Rusia convocó el martes al embajador de la Unión Europea en Moscú, enfurecida por lo que llama un bloqueo ferroviario ilegal de un puesto avanzado ruso en el mar Báltico, el último enfrentamiento por las sanciones impuestas por la guerra en Ucrania, informó Reuters.
Sobre el terreno en el este de Ucrania, los representantes separatistas de Rusia dijeron que avanzaban hacia el principal bastión del campo de batalla de Kyiv.
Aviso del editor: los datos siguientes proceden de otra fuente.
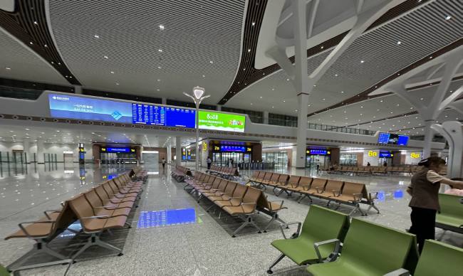 重庆东站高架候车层商业夹层信息屏两侧广告灯箱单块灯箱规格接近9米宽、2.6米高,四块组合形成总宽超过34米的超宽幅视觉阵列。在开阔的现代化候车大厅中,这一组合能形成强大的视觉包围感和品牌气势,有效传递品牌实力与高端形象。旅客在候车时,视线会反复、主动地聚焦于中央信息屏,以确认车次、时间和站台。广告灯箱紧邻信息屏两侧,自然占据了旅客视线的核心落点区域。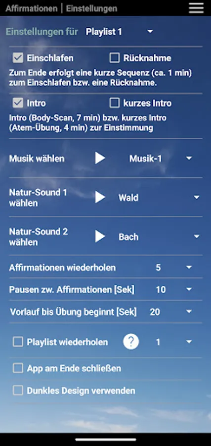 The number of repetitions can be set between 1-25 times. In addition, the length of the pause between the affirmations can be set from 5-30 seconds.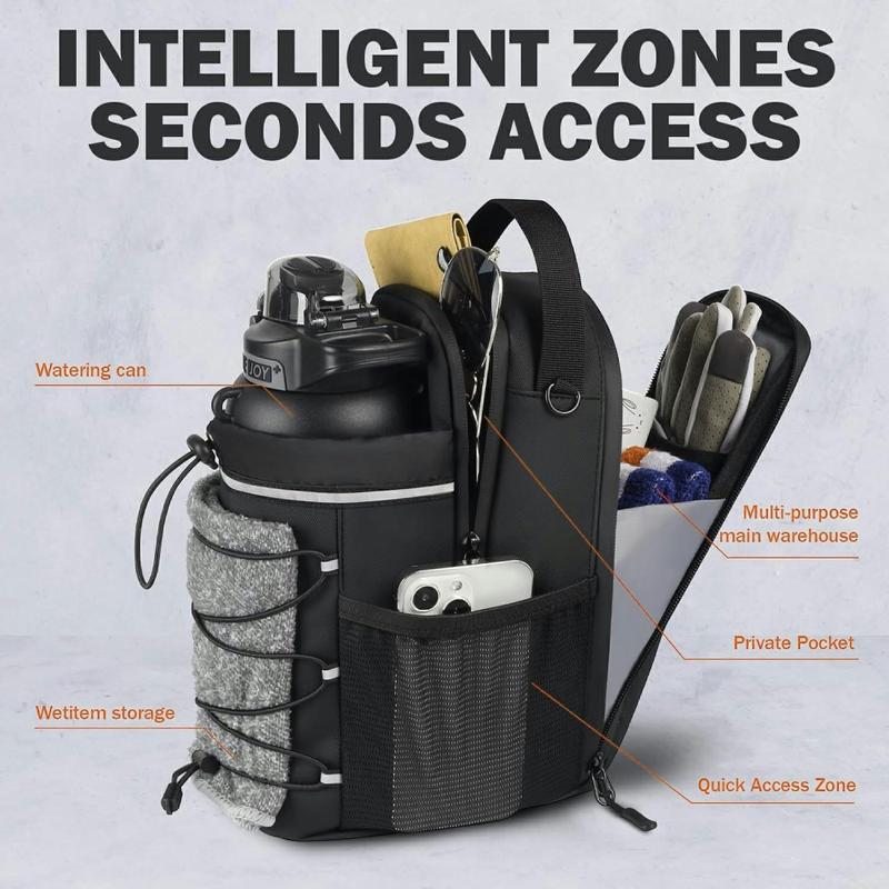 Melhore a sua rotina de exercícios com um saco que mantém a hidratação, a tecnologia e a segurança literalmente ao seu lado - sem contacto com o chão, sem complicações.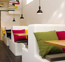 橄榄地球餐厅日期:2012-01-12 设计资讯这家由Lifeforms Studio.设计的“橄榄地球餐厅”位于伦敦巴特西,色彩搭配着实让人眼前一亮,餐厅内部设计十分现代,1800平方英尺的宽敞空间以现代材料与明亮色彩打造出典型的地中海室内装饰风格。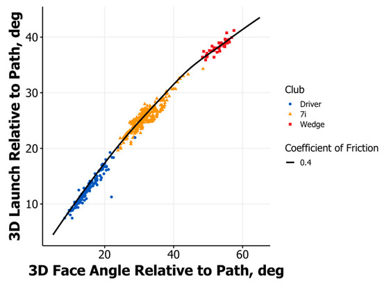 Golf is one of the most popular recreational sports throughout the world, yet the physics governing both the motion of the golf swing and the impact of a golf club with the ball are quite complex. Many research efforts and publications have examined how both the equipment and biomechanical behaviors can influence performance in order to better equip instructors to improve a player’s ability and guide improved club designs [1,2,3,4]. A key element to the game of golf is the ability to control both the direction and distance, the importance of which has been statistically analyzed by Broadie [5]. The speed, orientation, and direction of travel of the club head at impact are the primary elements that determine a ball’s speed, spin, and start direction. For an oblique impact where the club normal direction and club velocity (also referred to as the path) are not collinear, the launch direction of the golf ball will generally lie somewhere between the face normal and club path directions [2]. As a result, players and golf coaches would greatly benefit from understanding the quantified relationship between a club’s delivery and the resulting direction of ball flight. Both Cochran and Stobbs [1] as well as Trackman (published by Dewhurst [4]) have published values quantifying the relationship between the launch angle of a golf ball struck by different clubs and the resulting launch angle. More recently, the current authors also published the results of an experimental study that explored these relationships [6]. Comparing the values published by Trackman and by the current authors differed slightly from each other, so an effort to understand the possible discrepancies along with the underlying physics was initiated.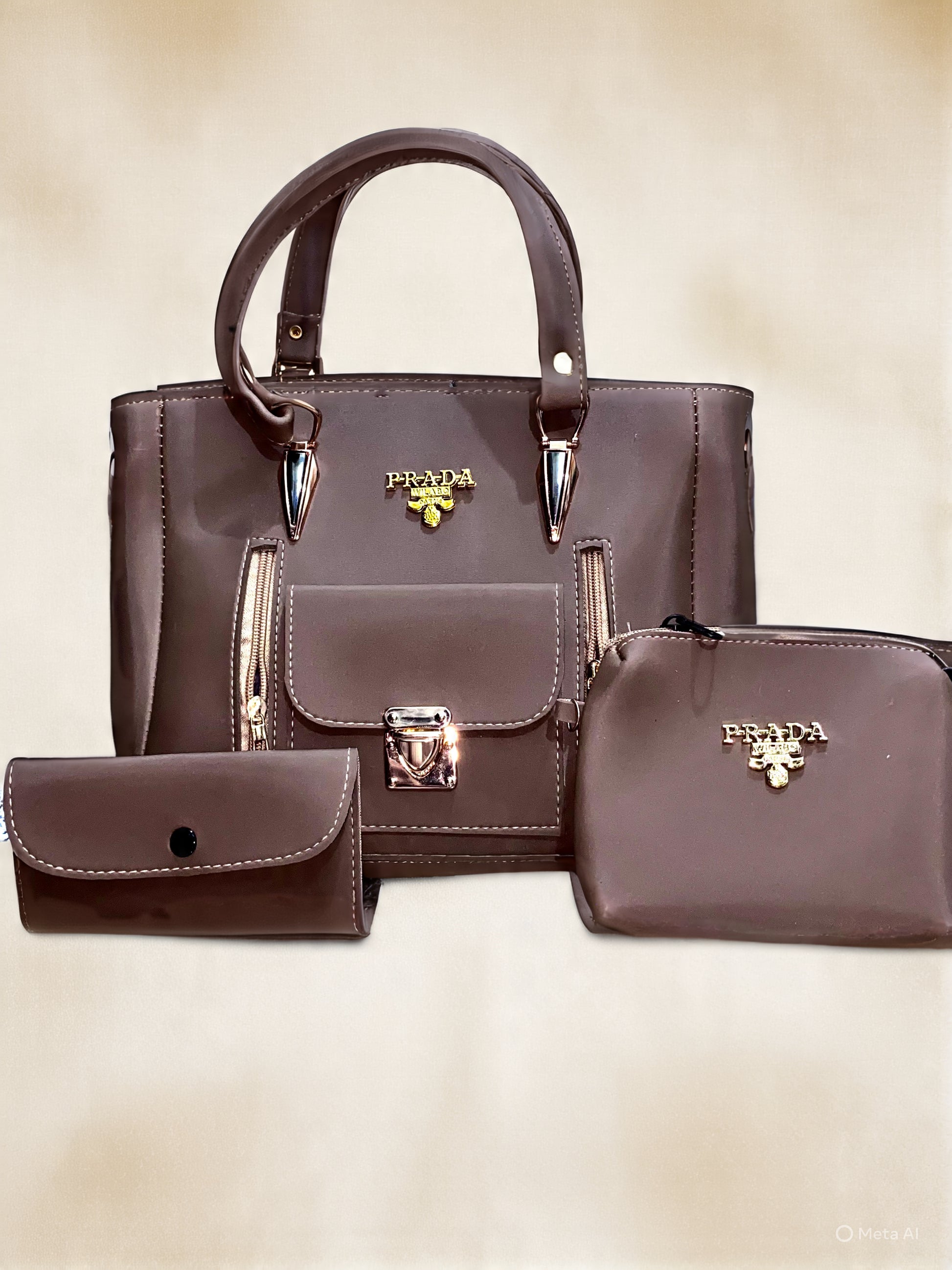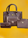 A brown leather 3‑piece handbag set: a main tote with gold hardware & lock charm, a small “MICHAEL KORS” zip pouch, and a matching flat wallet. All pieces are gray with rose‑gold accents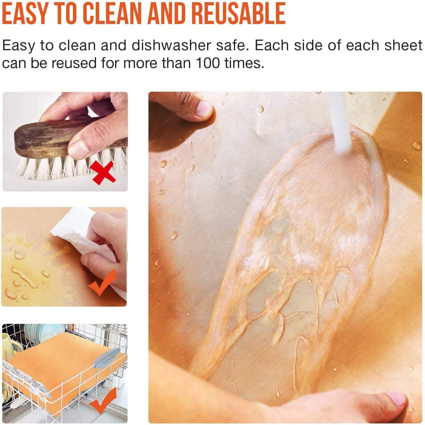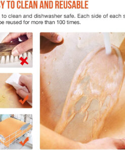 - Resusable and Diswasher Safe -Versatile and highly economical. they can be cut to perfectly fit your pans. Both sides can be used over 100 times. for grilling. roasting. and even baking.Make grilling anything easy and ends messy grill clean-up entirely. These mats are safe for use on the top shelf of your dishwasher. clean-up is a piece of cake.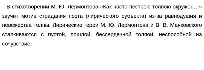 Герой Лермонтова находится на маскараде, видит перед собой вместо лиц «приличьем стянутые маски», к нему подходят и касаются его «давно бестрепетные руки». Чтобы преодолеть отчаяние, субъект высказывания погружается в воспоминания детства, видит родную усадьбу, слышит шелест листвы на аллее и знакомый женский голос. Но, очнувшись, он видит перед собой равнодушную, невежественную толпу, и в нём возникает желание бросить толпе в лицо «железный стих, облитый горечью и злостью». Лирический субъект В. Маяковского находится в толпе музыкантов. Оркестр равнодушен к переживаниям скрипки. А когда герой проявляет сочувствие по отношению к плачущей скрипке, он вызывает смех у грубой, бесчувственной толпы, которая, издеваясь, говорит, что он «влип», «пришёл к деревянной невесте». Таким образом, герои Лермонтова и Маяковского страдают из-за одиночества и непонимания, равнодушия и невежества толпы. Обновлено: Опубликовал(а): Vladimirovna Внимание! Спасибо за внимание. Полезный материал по теме

Un funcionario ucraniano describió una pausa en los combates allí como la «calma antes de la tormenta».
La última crisis diplomática es por el enclave de Kaliningrado, un puerto y el campo circundante en el Mar Báltico que alberga a casi un millón de rusos, conectado con el resto de Rusia por un enlace ferroviario a través de Lituania, miembro de la UE y la OTAN.
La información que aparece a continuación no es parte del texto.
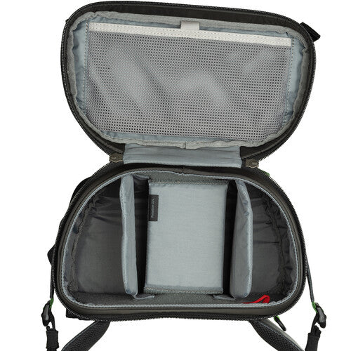 At first blush you would think it's just a standard bisected backpack, but you'd be wrong. The bottom camera pack portion rotates independently from the top for instant access to its 6L interior that holds a standard DSLR or mirrorless camera body, without a grip, plus three lenses or an attached 24-700mm 2.8 lens. The upper 16L holds personal items like food and clothing. An array of interior and exterior pockets provide ample room for organizing everything from your keys to a water bottle, a tripod, or trekking poles. A ten-point harness system allows you to adjust how and where you distribute the load for optimum comfort. Further design details include wear- and water-resistant nylon materials, polyurethane coatings, and durable YKK zippers.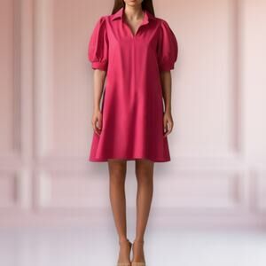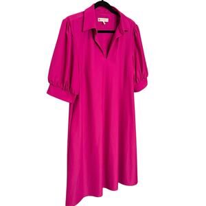 Jude Connally Size Large Emmerson Puff Sleeve Collared Shift Dress Fuschia Pink Women’s
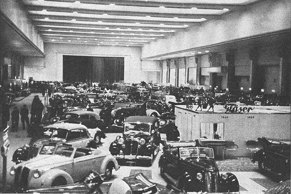 Internationale Automobil- und Motorrad- Ausstellung Berlin 1939 - Blick auf den Gläser-Stand. Ausdruck stolzen Selbstbewußtseins - der Gläser-Stand auf der IAMA nahm mehr Raum ein als der der meisten Autohersteller! Links vorne steht Opels Flaggschiff Admiral als hinreißendes 2/4-sitziges Cabriolet. Ein Prunkstück! Die würdige Gesellschaft bilden ein Audi 920 4-Fenster-Cabrio (rechts daneben), ein Wanderer W23 4-Fenster-Cabrio (hinter dem Admiral), davon rechts ein Horch 930 (oder 850/853?) fast in Frontansicht, und ein Steyr 220 Sport steht quer im Vordergrund.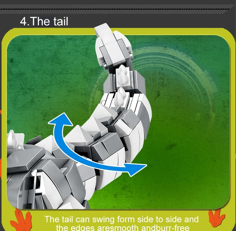 Der Dino ist in zwei unterschiedlichen Farben erhältlich und ist misst zusammengebaut eine Höhe von etwa 23cm und Breite von ca. 44cm. Einzelne Elemente des fertigen T-Rex sind beweglich. So kann beispielsweise der Schwanz nach links und rechts bewegt oder aber der Mund auf und zu gemacht werden. Das Spielzeug eignet sich hervorragend zum Lernen der Feinmotorik, Koordination und Konzentration des Kindes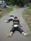 田の草でで疲れた後は、じゃがいも堀り。そして、どうやら道路に寝てみている模様。確かに、田舎でしかできないことですね。みなさん一生懸命な作業ぶりに、仕事がぐんぐんはかどりました!お疲れ様でした~☆ |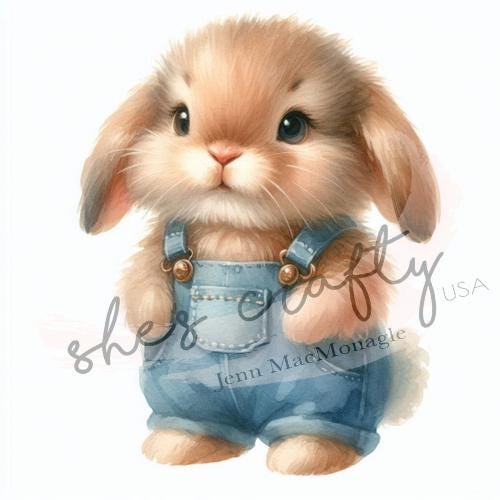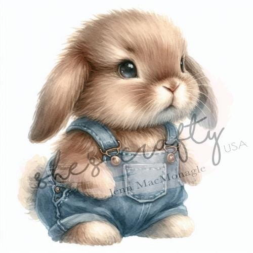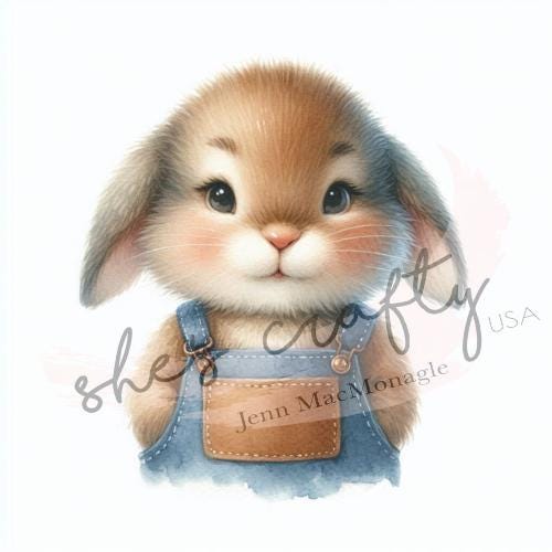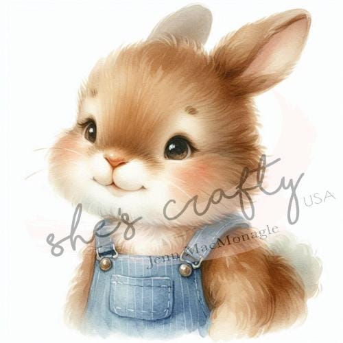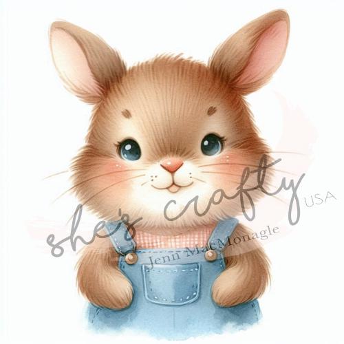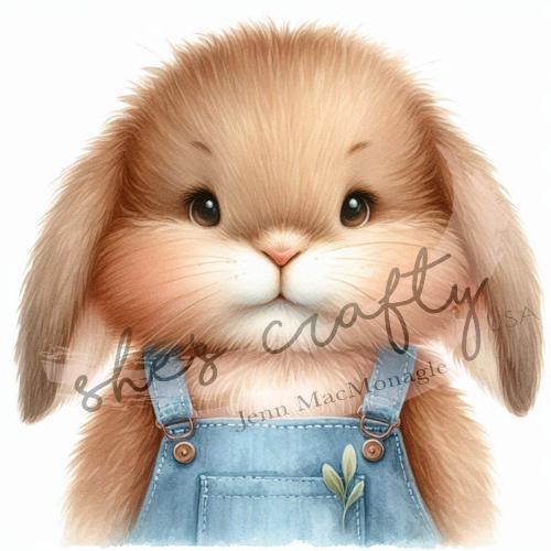Bunny Faces in blue overalls Bundle Printable (Not a physical item) Digital Download

Lituania ha cerrado la ruta para los productos básicos, incluidos los materiales de construcción, los metales y el carbón, lo que dice que debe hacer bajo las sanciones de la UE que entraron en vigor el sábado.
Rusia llama a la medida un bloqueo ilegal y ha amenazado con represalias no especificadas contra Lituania.
El enviado de la UE, Markus Ederer, se presentó el martes en el Ministerio de Relaciones Exteriores de Rusia. El portavoz de la UE, Peter Stano, dijo que Ederer «explicó que Lituania está implementando sanciones de la UE y que no hay bloqueo, y les pidió que se abstuvieran de escalar medidas y retórica».
El enfrentamiento crea una nueva fuente de confrontación en el Báltico, una región que ya está preparada para una revisión de seguridad que limitaría el poder marítimo de Rusia cuando Suecia y Finlandia soliciten unirse a la OTAN y pongan casi toda la costa bajo el control de la alianza.